The pilots themselves frequently sing "Hurrah for the Next Man That Dies"—and teach it to their German guest—as a grimly sardonic defiance of death. The song was a popular World War I drinking song. The lyrics come from a much older poem written in the early 19th century, recording the bravado of British soldiers struck down by the plague in India. The poem has been attributed to two different authors, Bartholomew Dowling and W.F. Thompson, but Thompson's work appears in a volume of poetry published in Calcutta in 1835., when Dowling was 12 years old. Dowling died in 1863, 51 years before this poem was attributed to him in A Collection of Verse by California Poets (1914).

Each arrival of new replacements is announced by their cheerful singing of "Pack Up Your Troubles in Your Old Kit-Bag", demonstrating their callow eagerness.

In addition, the flyers' carousing nature is emphasized in one scene with music. After Scott's return, he and Courtney drive off in a motorcycle sidecar boisterously singing "Plum and Apple" with their enlisted driver. This was an enlisted men's/other ranks' ditty about the class distinctions of rations at the front.

==Reception==
With another world war threatening, the pacifistic script of The Dawn Patrol was well received by audiences and critics. The film was one of Warner Bros. most popular movies of 1939. According to Warner Bros. records, it earned $1,313,000 domestically and $872,000 foreign.
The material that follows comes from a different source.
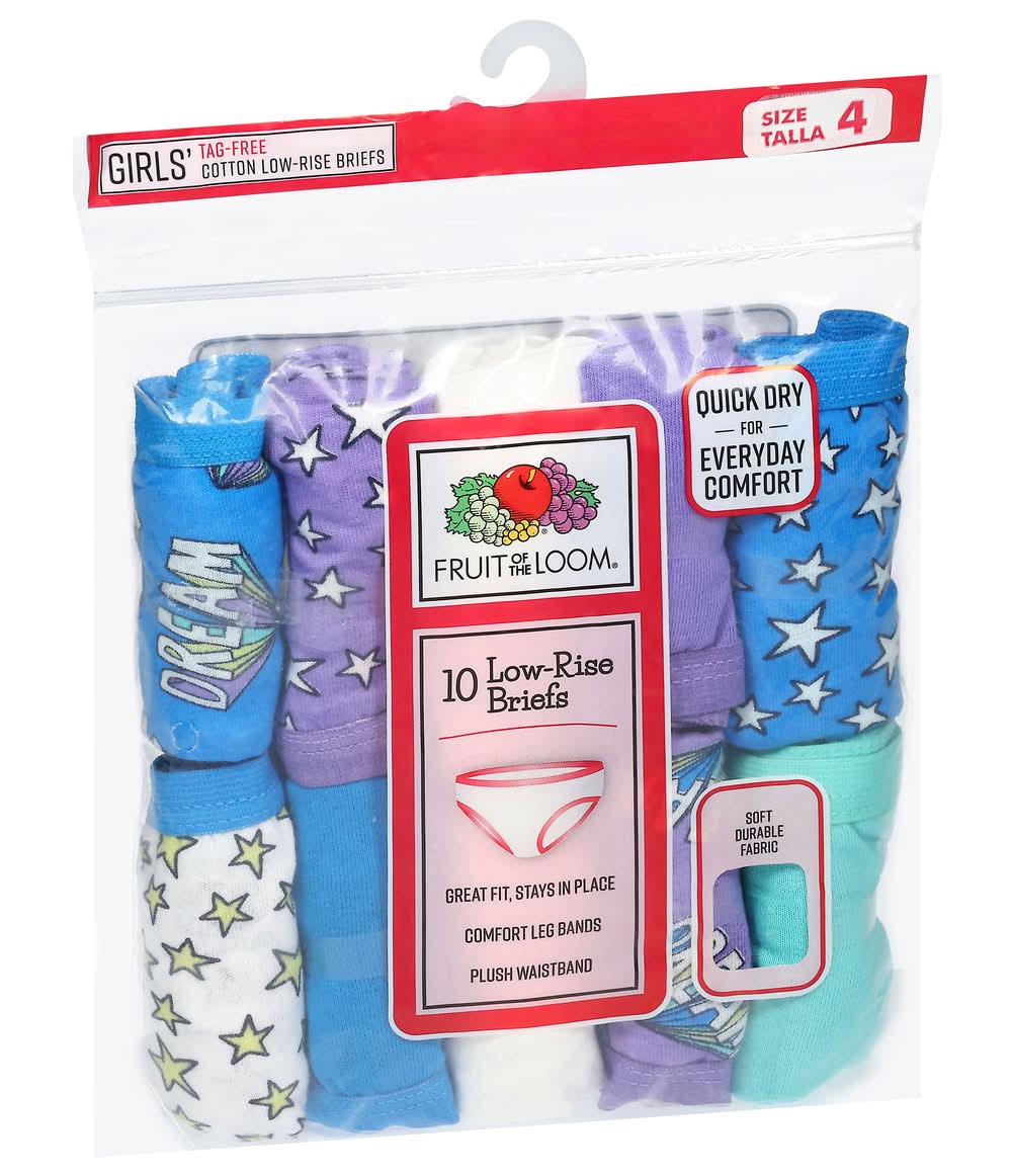 Fruit of the Loom Girl's Cotton Low-Rise Briefs, 4, Assorted (10 ct)

Variety echoed many of the critics' reactions: "Dawn Patrol sparkles because of vigorous performances of the entire cast and Edmund Goulding's sharp direction. Story [by John Monk Saunders] is reminiscent of previous yarns about the flying service at the front during the World War. Yet it is different in that it stresses the unreasonableness of the 'brass hats' - the commanders seated miles from the front who dispatched the 59th Squadron to certain death in carrying out combat assignments."

==Home media==
On March 27, 2007, Warner Bros. released The Dawn Patrol on DVD. Special features include Warner Night at the movies 1938: Vintage Newsreel, musical shorts "The Prisoner of Swing" and "Romance Road". Also included is the vintage Looney Tunes cartoon What Price Porky.